**DATA FOR THIS EXERCISE**
====

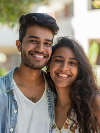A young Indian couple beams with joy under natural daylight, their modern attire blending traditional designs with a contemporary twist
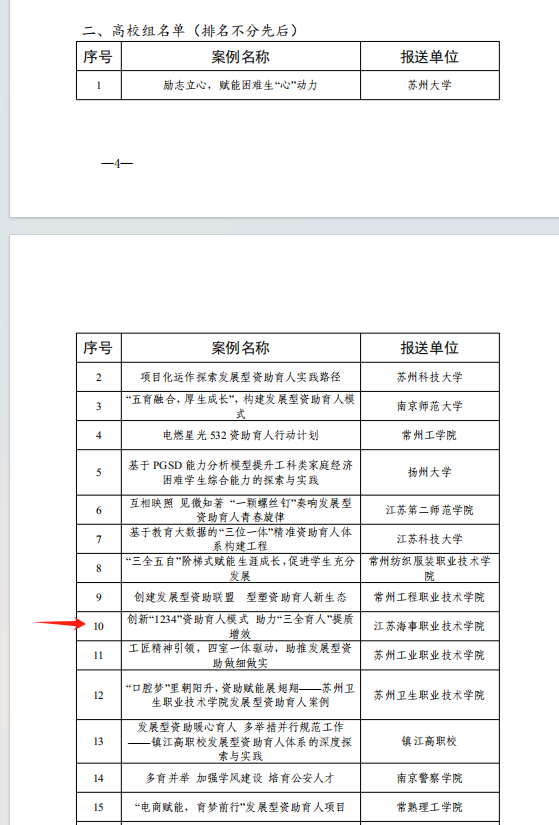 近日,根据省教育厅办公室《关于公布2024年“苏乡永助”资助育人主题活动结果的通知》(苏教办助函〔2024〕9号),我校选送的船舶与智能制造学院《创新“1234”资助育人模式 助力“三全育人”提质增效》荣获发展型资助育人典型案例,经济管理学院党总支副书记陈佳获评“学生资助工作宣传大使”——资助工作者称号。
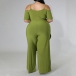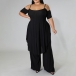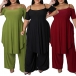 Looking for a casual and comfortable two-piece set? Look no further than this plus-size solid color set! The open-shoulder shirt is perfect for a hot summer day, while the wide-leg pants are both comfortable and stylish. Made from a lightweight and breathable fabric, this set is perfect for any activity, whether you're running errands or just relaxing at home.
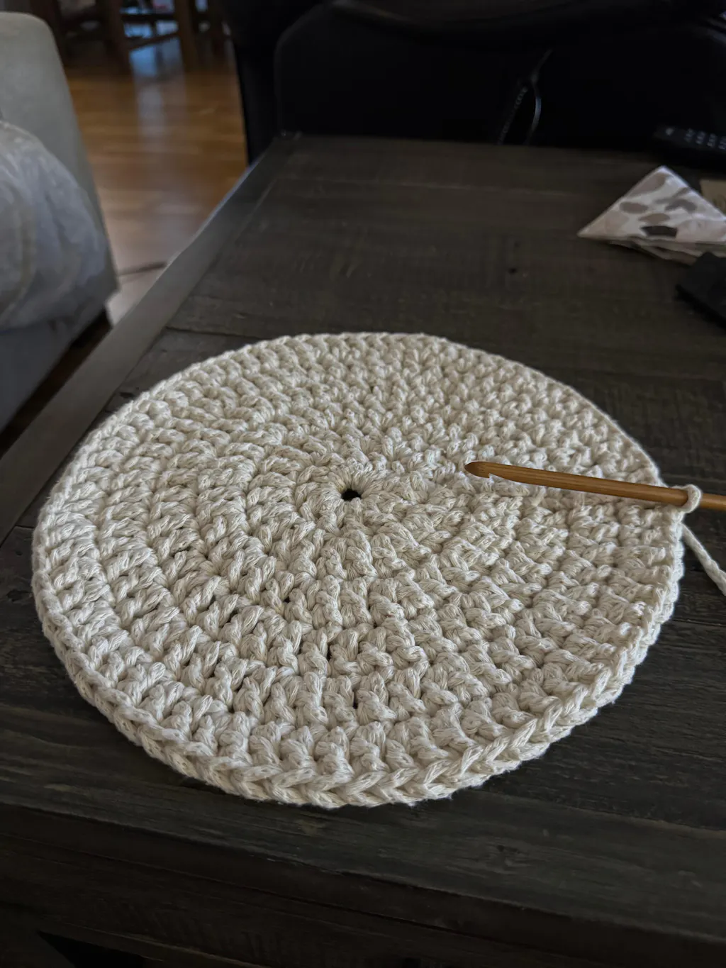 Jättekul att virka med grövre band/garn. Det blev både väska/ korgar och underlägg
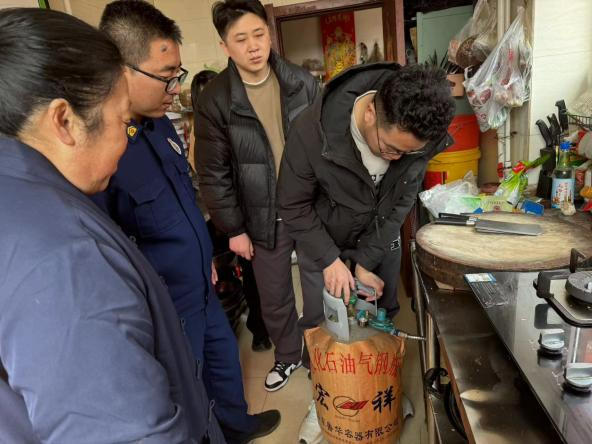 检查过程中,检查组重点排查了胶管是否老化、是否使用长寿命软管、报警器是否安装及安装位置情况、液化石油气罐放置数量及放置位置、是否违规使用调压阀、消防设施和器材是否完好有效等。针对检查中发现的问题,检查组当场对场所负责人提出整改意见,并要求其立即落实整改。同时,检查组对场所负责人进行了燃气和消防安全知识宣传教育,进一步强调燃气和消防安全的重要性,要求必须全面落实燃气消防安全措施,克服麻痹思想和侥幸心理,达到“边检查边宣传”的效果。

====

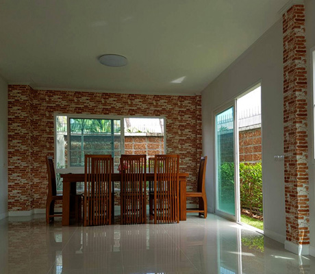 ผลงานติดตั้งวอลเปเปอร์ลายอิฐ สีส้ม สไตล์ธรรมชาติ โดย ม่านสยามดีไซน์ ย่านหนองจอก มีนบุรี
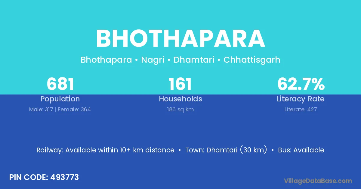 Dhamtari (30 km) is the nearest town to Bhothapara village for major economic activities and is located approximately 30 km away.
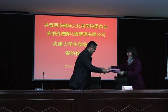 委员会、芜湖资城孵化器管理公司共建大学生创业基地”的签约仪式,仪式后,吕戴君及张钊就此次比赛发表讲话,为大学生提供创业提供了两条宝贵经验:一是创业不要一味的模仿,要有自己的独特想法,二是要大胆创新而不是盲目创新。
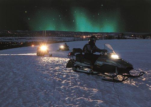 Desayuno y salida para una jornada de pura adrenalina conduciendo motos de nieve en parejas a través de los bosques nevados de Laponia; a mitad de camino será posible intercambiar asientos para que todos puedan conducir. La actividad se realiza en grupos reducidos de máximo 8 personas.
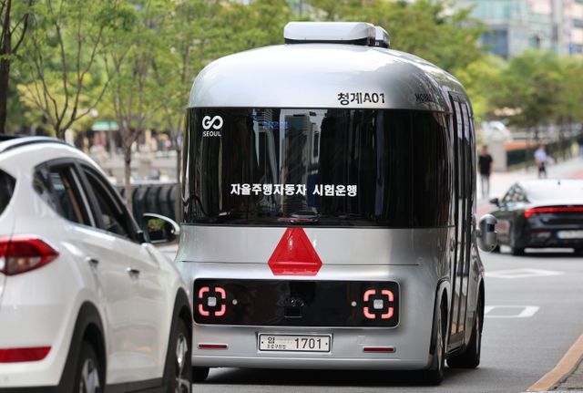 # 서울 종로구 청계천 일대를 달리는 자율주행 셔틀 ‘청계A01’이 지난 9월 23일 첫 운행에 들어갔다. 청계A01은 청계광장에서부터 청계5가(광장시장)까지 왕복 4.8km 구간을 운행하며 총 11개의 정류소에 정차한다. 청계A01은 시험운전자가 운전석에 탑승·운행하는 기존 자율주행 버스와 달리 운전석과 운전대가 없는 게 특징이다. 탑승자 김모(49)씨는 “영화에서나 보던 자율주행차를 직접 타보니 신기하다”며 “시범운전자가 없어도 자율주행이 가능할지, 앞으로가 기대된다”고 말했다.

====

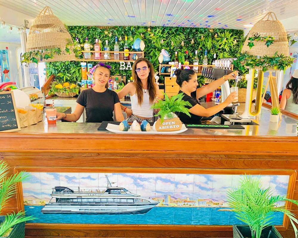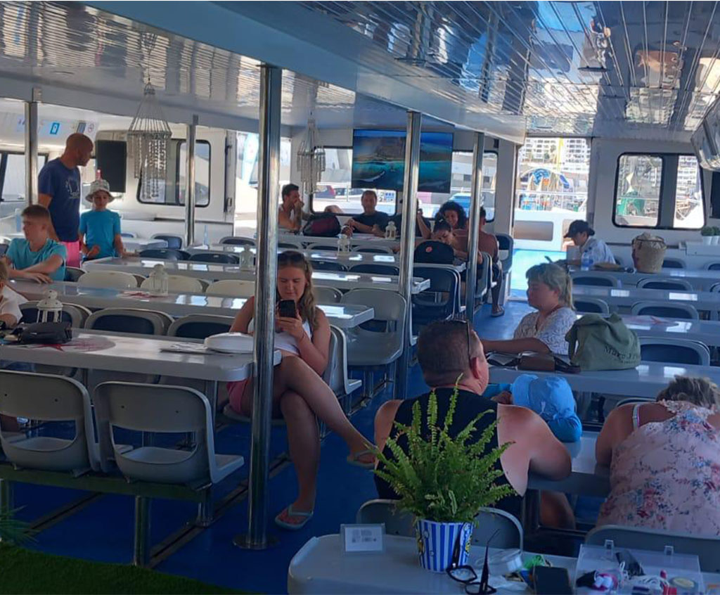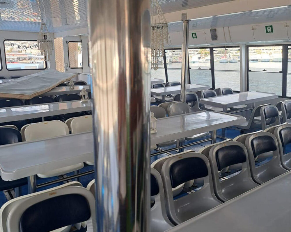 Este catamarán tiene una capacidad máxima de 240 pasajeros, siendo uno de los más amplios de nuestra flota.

====

**WHAT TO WORK ON**
Beginning at the line above that contains "A young Indian" and going on through the line that contains "检查过程中,检查组重点排查了", please copy every line exactly, leaving the pictures out and adding nothing.

**TASK RESPONSE**
A young Indian couple beams with joy under natural daylight, their modern attire blending traditional designs with a contemporary twist
 近日,根据省教育厅办公室《关于公布2024年“苏乡永助”资助育人主题活动结果的通知》(苏教办助函〔2024〕9号),我校选送的船舶与智能制造学院《创新“1234”资助育人模式 助力“三全育人”提质增效》荣获发展型资助育人典型案例,经济管理学院党总支副书记陈佳获评“学生资助工作宣传大使”——资助工作者称号。
 Looking for a casual and comfortable two-piece set? Look no further than this plus-size solid color set! The open-shoulder shirt is perfect for a hot summer day, while the wide-leg pants are both comfortable and stylish. Made from a lightweight and breathable fabric, this set is perfect for any activity, whether you're running errands or just relaxing at home.
 Jättekul att virka med grövre band/garn. Det blev både väska/ korgar och underlägg
 检查过程中,检查组重点排查了胶管是否老化、是否使用长寿命软管、报警器是否安装及安装位置情况、液化石油气罐放置数量及放置位置、是否违规使用调压阀、消防设施和器材是否完好有效等。针对检查中发现的问题,检查组当场对场所负责人提出整改意见,并要求其立即落实整改。同时,检查组对场所负责人进行了燃气和消防安全知识宣传教育,进一步强调燃气和消防安全的重要性,要求必须全面落实燃气消防安全措施,克服麻痹思想和侥幸心理,达到“边检查边宣传”的效果。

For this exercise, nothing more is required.